More than meditation?
But for all the hype and research debate on the efficacy of mindfulness, some criticize the practice as self-pacification that merely skims the underlying issues at hand. In his new book, McMindfulness: How Mindfulness Became the New Capitalist Spirituality, author Ron Purser bemoans the modern and solo interpretation of mindfulness, divorced from its more community-centric beginnings. People need social support, he argues, not to be told to sit silently and block out anxiety.
That’s an issue Li felt acutely during her mental crisis. As she explains, “I can’t meditate my problems away.” Similarly, Jamie recalls people simply parroting the mantra “just meditate” whenever she was having a tough time.
To that end, Sanity & Self offers more than just meditation audio. The app also includes message boards on topics ranging from “how to make friends with other females” to “what to do when your husband falls out of love.” In addition, a premiere $39.99-per-week membership includes access to one-on-one chats with a licensed therapist, life coach, or relationship expert.

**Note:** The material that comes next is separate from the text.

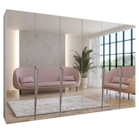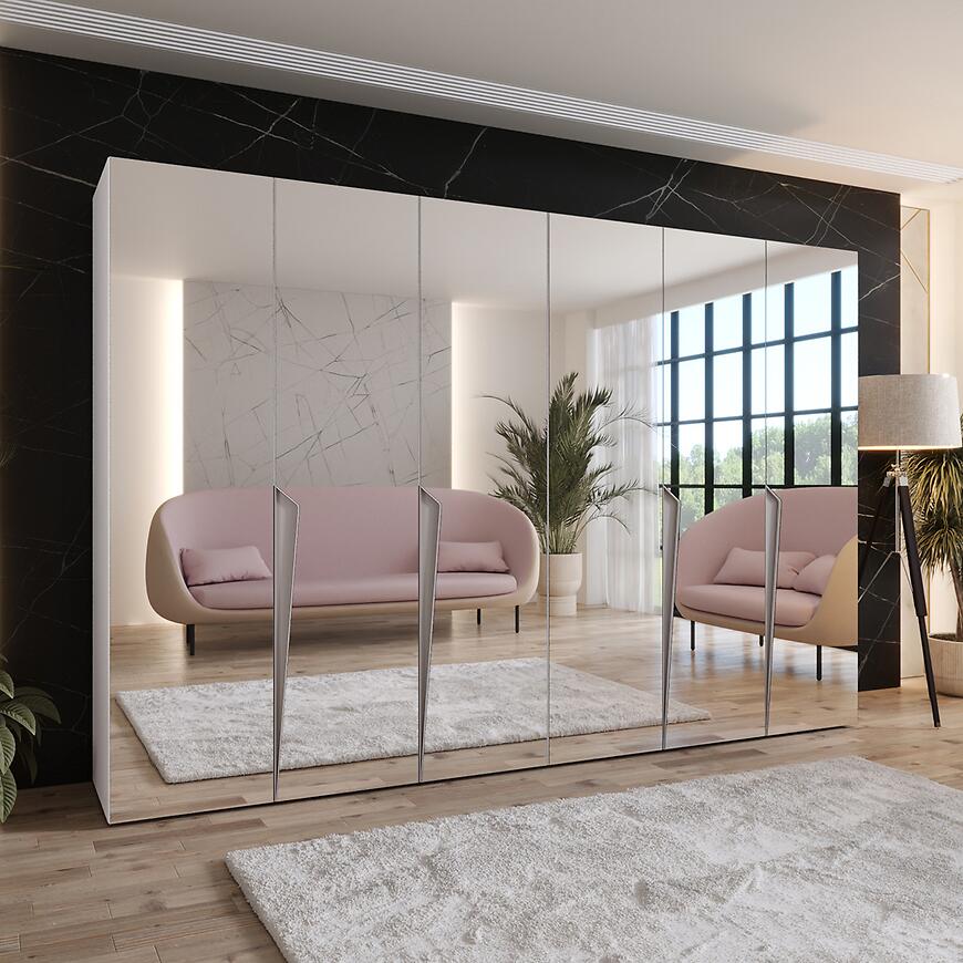 Model posiada klasyczne, kilkudrzwiowe drzwi oraz praktyczne lustro, które optycznie powiększa przestrzeń i ułatwia codzienne przygotowanie stylizacji. Prosta forma szafy pozwala na łatwe dopasowanie jej do nowoczesnych, minimalistycznych i eleganckich wnętrz.

Li finds the communal aspect a crucial accompaniment to guided meditation. With the community centered around women, she explains, members get to feel more comfortable in discussing taboo or embarrassing topics they might feel too ashamed to address with their friends—or share in more broad digital communities. “Vulnerability is so important, but in order to be vulnerable, we have to create a safe environment for women,” says Li.
As Jamie attests, traditional meditation isn’t the be-all and end-all—and it often takes years to cultivate. Happy Not Perfect doesn’t pretend to solve all of one’s problems, she says. It offers a quick fix to handle escalating emotions, “so we can return to our rest and relaxed state, enabling us to make better decisions from a calmer state,” explains Jamie.
“Mindfulness does work,” says Connell. “It’s just the way it’s delivered—it needed to be totally rebranded.”